Он наверняка узнал моих братиков. И все-таки он их застрелил. Как зайцев на охоте.
Я не видела, как братики умирали. Я зажмурилась. Мне захотелось оглохнуть. Но я слышала, как они кричат. Особенно страшно, так долго и надсадно, кричал Михась. А Леня только вскрикнул два раза, а потом замолчал. Наверное, он быстро умер.
Потом и Михась перестал кричать. А может, это просто мы с мамой уже далеко отошли от того места, от подлеска и
Нас всех загнали в нашу школу. У нас в селе была только начальная школа, четыре класса.

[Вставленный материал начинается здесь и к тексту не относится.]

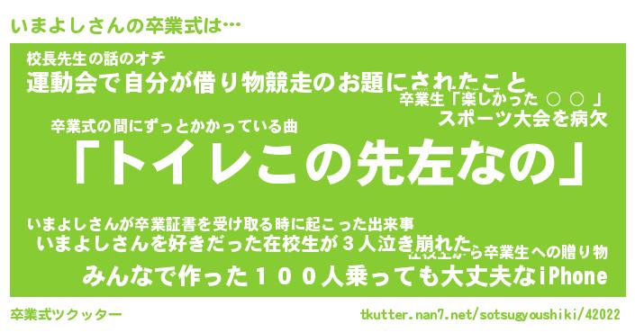 | 伝説のあだ名 | 『伝説のスナイパーいまよし』 |

В пятый класс надо было ходить в село Трясуны, за целых пять километров. Я как раз закончила четвертый класс. А я пятый уже не успела пойти, немцы пришли. Целое село еле уместилось в школе. Нас в классы набили столько - не вздохнуть было. Стояли, плотно прижимаясь боками, живот к спине, и спина к животу. Так стыдно было. Меня мальчики сжимали со всех сторон. Я все к маме жалась. Мама положила руки на головы мне и Сонечке. Все шептала нам: девочки, не бойтесь, девочки. Вы лучше песню пойте!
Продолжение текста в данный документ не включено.